107 business finance Flashcards
what is retained profit
this is money that is kept from previous years profits rather than given to the owners of the shareholders . this will provide an liquidity buffer(flow of cash that comes in and out) and potential funds for growth
what is working captital
this is the money used to pay all of a business’ short term expenses (paid within a year ). working capital is used to buy stock , pay off short term debt and cover day-to-day costs .
how can working capital finance be obtained
-by reducing their trade credit period (arrangement to buy good/services without making immediate cash or cheque payments) , they can collect debts more efficiently, and recheck money from customers more quickly
-reducing stock holdings is another way to release finance
what is sale of assets
-this is when an established or large business sells assets that are no longer requires,such as buildings or machinery. the business can then reinvest this money by buying new bigger assets or paying for advertising campaigns
what is a bank loan
-a bank loan is money lent to a business by the bank which is repaid over a set period of time (perhaps 3-5 years ), with interest ( the price you pay to borrow money)
-the interest rate is usually fixed. this ensures that the company knows ahead of time what it’s interest costs will be and his much it needs to pay back each month
-security , if available, will be in the form of property , offering security makes it easier to get funding and reduces interest rates charged
what is trade credit
this is an interest free way to raise finance . businesses buy items such as fuel and raw materials and pay for them at a later date . the credit period is usually between 30-90 days
what is debt factoring
-a method of turning invoices into cash , (an invoice is a document that is used to record the sakes of goods and services from one party to another) . banks and other financial organisations offer factoring services ,which pay a proportion of the value of an invoice (80-85%) when the invoice is issued . the balance, minus the fee, is paid to the business when the invoice is paid.
-they do this to gain access to cash right away rather than waiting at least 28 days to be paid the full amount
what is an overdraft
it is the facility to withdraw more from an account than is in the bank account , resulting in a negative balance. business often depend upon authorised overdrafts to provide a working capital.
what is commercial mortgages
-if a business owns a property a commercial mortgage may be available. with a commercial mortgage , the property is used as security against the loan and the loan can be as much as 60 or 70% of the value of the property.

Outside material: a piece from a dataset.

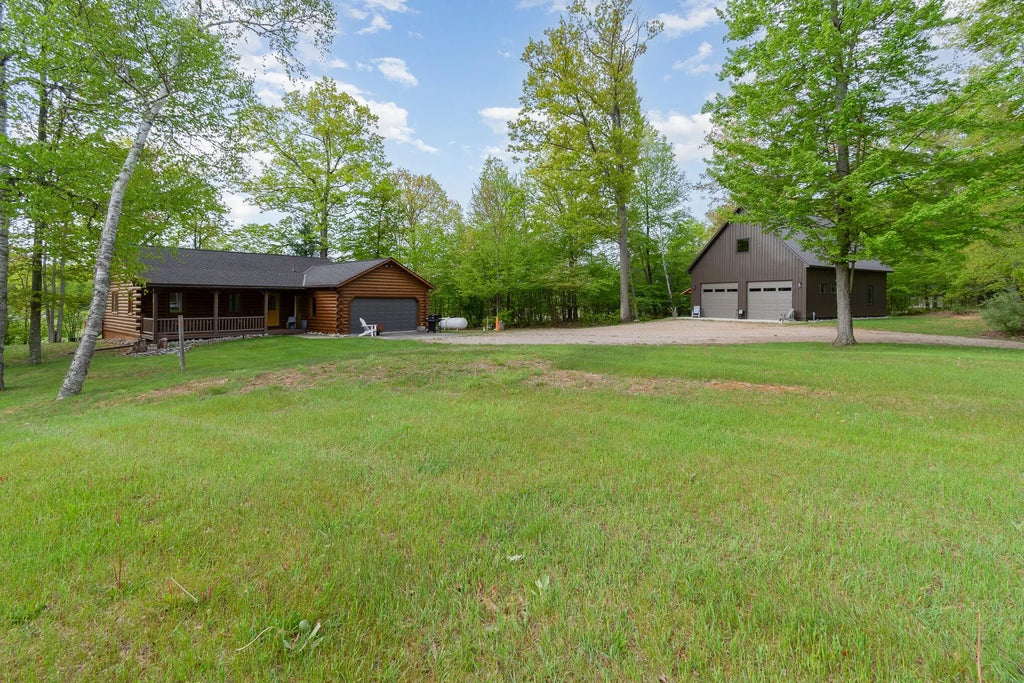 Welcome to English Point, a stunning retreat nestled on a picturesque peninsula. This exceptional 1.26-acre property offers a rare combination of privacy and tranquility, enhanced by 204 feet of beautiful Wixom Lake frontage. At the heart of this peaceful setting is a custom-built log home that captures the essence of up north living. The home features 1,200 square feet on the main level, complemented by an additional 600 square feet of finished space in the walk-out lower level. An attached garage provides convenience, while a detached 32x40 outbuilding—constructed in 2022—adds incredible versatility. This newer building includes concrete floors, electricity, and a finished upper level that serves as bonus living space. As you enter the property from a private road, a long driveway leads you to the welcoming covered front porchan ideal spot to relax and take in the natural surroundings. Inside, you'll find gleaming wood floors and a warm interior of log and knotty pine walls. The open-concept kitchen and living area features vaulted ceilings with exposed log beams, a wood-burning fireplace with a fieldstone surround and custom mantle, and large windows offering serene lake views. A sliding glass door opens to an expansive lakeside deck, perfect for entertaining or simply enjoying the scenery. The kitchen is fully equipped with all major appliances and includes an eat-in dining area along with a second slider to the deck. The primary bedroom features a private half bath, while two additional bedrooms and a full bath complete the main level. Downstairs, the spacious family room provides a cozy gathering space and doubles as overflow sleeping quarters, perfect for visiting children or grandchildren. This home is being offered fully furnished with items thoughtfully chosen to complement the style and comfort of the property. Additional features include a Generac generator, whole house water filtration system, central air conditioning, Spectrum Internet, and a dockmaking it move-in ready and equipped for year-round enjoyment.

-because security is being offered, interest rates will be lower . payments are made monthly for the term of the mortgage.
-failure to make repayments will lead to the property being repossessed , they may run for 10-15 years
what is share capital
-a long term method of proving funds for growth is to sell shares . shares represent ownership of a company, when an individual buys shares in your company , they become one of its owners.
-the business may move from being partnership/sole trader to becoming a limited company
-the new shareholders can invest capital for growth
-a form of permanent capital-does not need to be repaid
what is venture capatalist
-they are professional investors who can invest large amounts of capital into small-medium sized business (growing businesses). venture capitalists will not only take a shareholding , they will expect to be fully involved in running the business
-they will appoint managers and advisors to help generate success and skills , allowing the business to grow at a speed that was previously impossible
what is government assistance
this is money provided by the government to support a business
what is hire purchase
a method of gaining the use of capital goods whist paying a monthly fee. hire purchase is where a business acquires an asset by paying a hire charge and a payment towards the purchase over a period of time . at the end of the hire purchase period the business will own the asset
what is leasing
a method of gaining the use of capital goods whilst paying a monthly fee. leasing is similar to renting equipment eg. photocopiers. the business pays a regular amount for a period of time , but the item belongs to the leasing company
what is sale and leaseback
involves the business selling assets to a finance company and then leasing the asset back. this method of raising finance means that the capital that is produced can be reinvesting into growing small-medium sized businesses.